Par une requête, enregistrée le 20 novembre 2014, M. A..., représenté par Me B..., demande à la Cour :
1°) d'annuler cette ordonnance du président de la 2ème chambre du tribunal administratif de Montpellier du 13 octobre 2014 ;
2°) d'annuler l'arrêté préfectoral du 24 juillet 2014 ;
3°) d'enjoindre à titre principal au préfet de lui délivrer un titre de séjour portant la mention " vie privée et familiale " et à titre subsidiaire, de réexaminer sa demande dans un délai de quinze jours à compter de la notification de l'arrêt à intervenir ;
4°) de mettre à la charge de l'Etat la somme de 1 500 euros en application des articles L. 761-1 du code de justice administrative et 37 de la loi du 10 juillet 1991.
Il soutient que :
- sa requête ne pouvait être rejetée par ordonnance compte tenu des moyens opérants qu'il avait soulevés ;
- aucun débat contradictoire n'a été organisé, ce qui porte atteinte aux articles 6 et 13 de la convention européenne de sauvegarde des droits de l'homme et des libertés fondamentales ;
- la décision de refus de séjour est insuffisamment motivée ;
- elle est entachée d'une erreur de fait ;
- elle méconnaît les stipulations de l'article 8 de la convention européenne de sauvegarde des droits de l'homme et des libertés fondamentales ;
- la décision portant obligation de quitter le territoire français est insuffisamment motivée ;
- elle méconnaît le principe général du droit d'être entendu énoncé à l'article 41 de la Charte des droits fondamentaux de l'Union européenne ;
- elle méconnaît les stipulations de l'article 8 de la convention européenne de sauvegarde des droits de l'homme et des libertés fondamentales ;
- elle doit être annulée en raison de l'illégalité de la décision de refus de séjour ;
- la décision fixant le pays de destination est insuffisamment motivée ;
- le préfet n'a pas procédé à un examen de sa demande au regard des craintes qu'il a invoquées en cas de retour dans son pays d'origine ;
- la décision fixant le pays de destination méconnaît les stipulations de l'article 3 de la convention européenne de sauvegarde des droits de l'homme et des libertés fondamentales.

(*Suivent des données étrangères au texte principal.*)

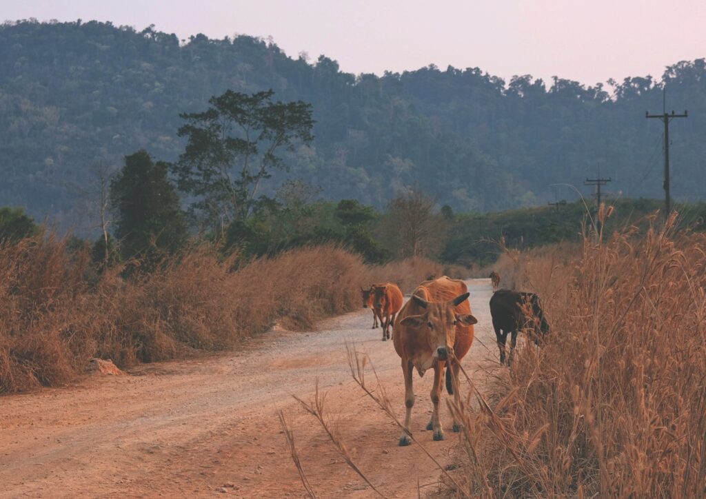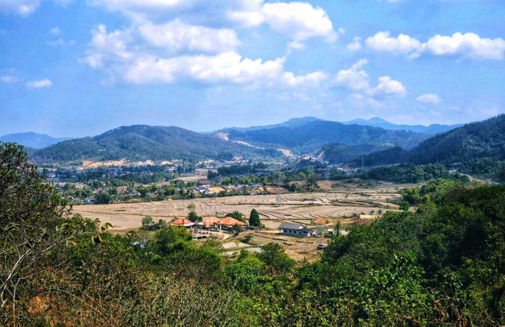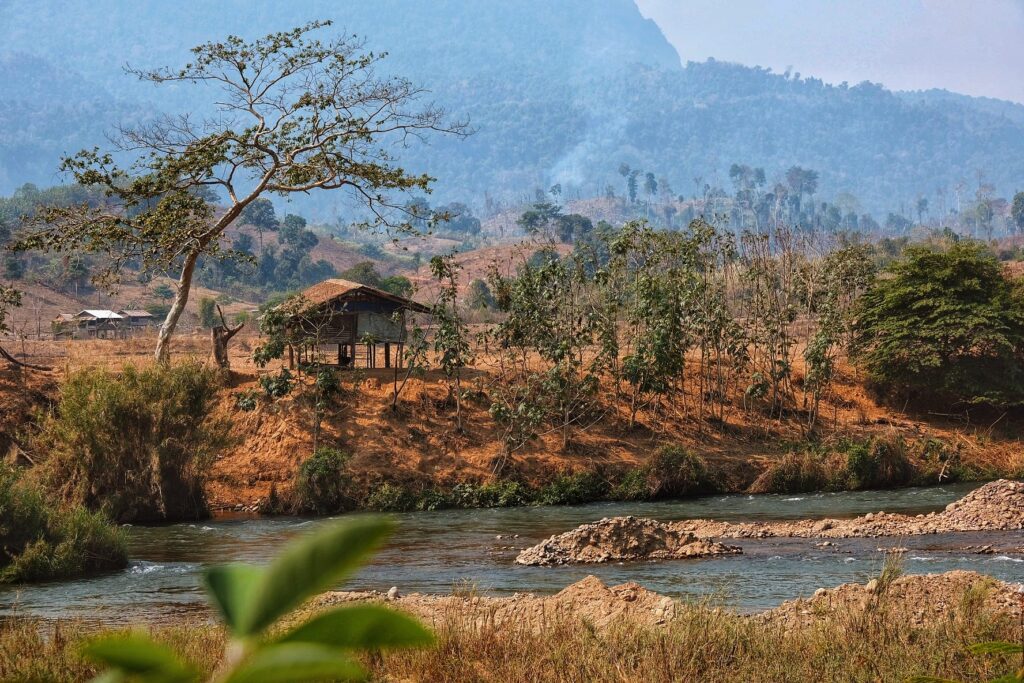 After Phonsavan, we continue our journey south from central Laos. We now travel through a rural area that is very sparsely populated and where many farmers live. Shops are limited to a living room with some sweets and biscuits or a small table in front of a house with some fruit and sometimes vegetables. We also see that the landscape is changing quite rapidly. The cold mountains, where we often needed a down coat, are giving way to the drier and warmer interior. Outside the villages we see huge areas where deforestation has taken place or is still taking place. In many places there are bare patches, the ground is still charred, or ash is billowing in the air. This is to make way for more intensive agriculture and higher-yield plantations.
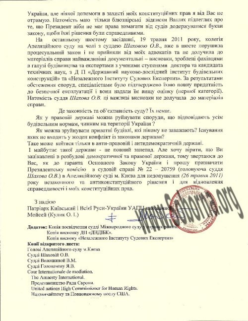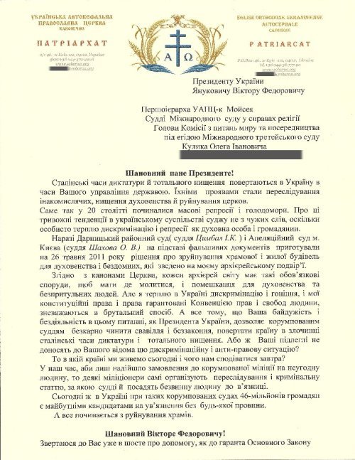 Згідно з канонами Церкви, кожен архієрей світу має такі обов’язкові споруди, щоб мати де молитися, і помешкання для духовенства та безпритульних людей. Але я терплю в Україні дискримінацію і гоніння, і мої конституційні права і права гарантовані Конвенцією прав і свобод людини, зневажаються в брутальний спосіб. А все тому, що Ваша байдужість і бездіяльність в цьому питанні, як Президента України, дозволяє корумпованим суддям безкарно чинити свавілля і беззаконня, повертати країну в злочинні сталінські часи диктатури і тотального нищення. Або ж Ваші підлеглі не доносять до Вашого відома цю дискримінаційну і анти-правову ситуацію?

Par un mémoire en défense, enregistré le 7 juin 2016, le préfet des Pyrénées-Orientales conclut au rejet de la requête.
Il fait valoir qu'aucun des moyens soulevés par l'appelant n'est fondé.
M. A...a été admis au bénéfice de l'aide juridictionnelle totale par décision du 13 janvier 2015.
Vu les autres pièces du dossier.
Vu :
- la convention européenne de sauvegarde des droits de l'homme et des libertés fondamentales ;
- la Charte des droits fondamentaux de l'Union européenne ;
- le code de l'entrée et du séjour des étrangers et du droit d'asile ;
- la loi n° 79-587 du 11 juillet 1979 ;
- la loi n° 91-647 du 10 juillet 1991 ;
- le code de justice administrative.
Le président de la formation de jugement a dispensé la rapporteure publique, sur sa proposition, de prononcer des conclusions à l'audience.
Les parties ont été régulièrement averties du jour de l'audience.
Le rapport de Mme C...a été entendu au cours de l'audience publique.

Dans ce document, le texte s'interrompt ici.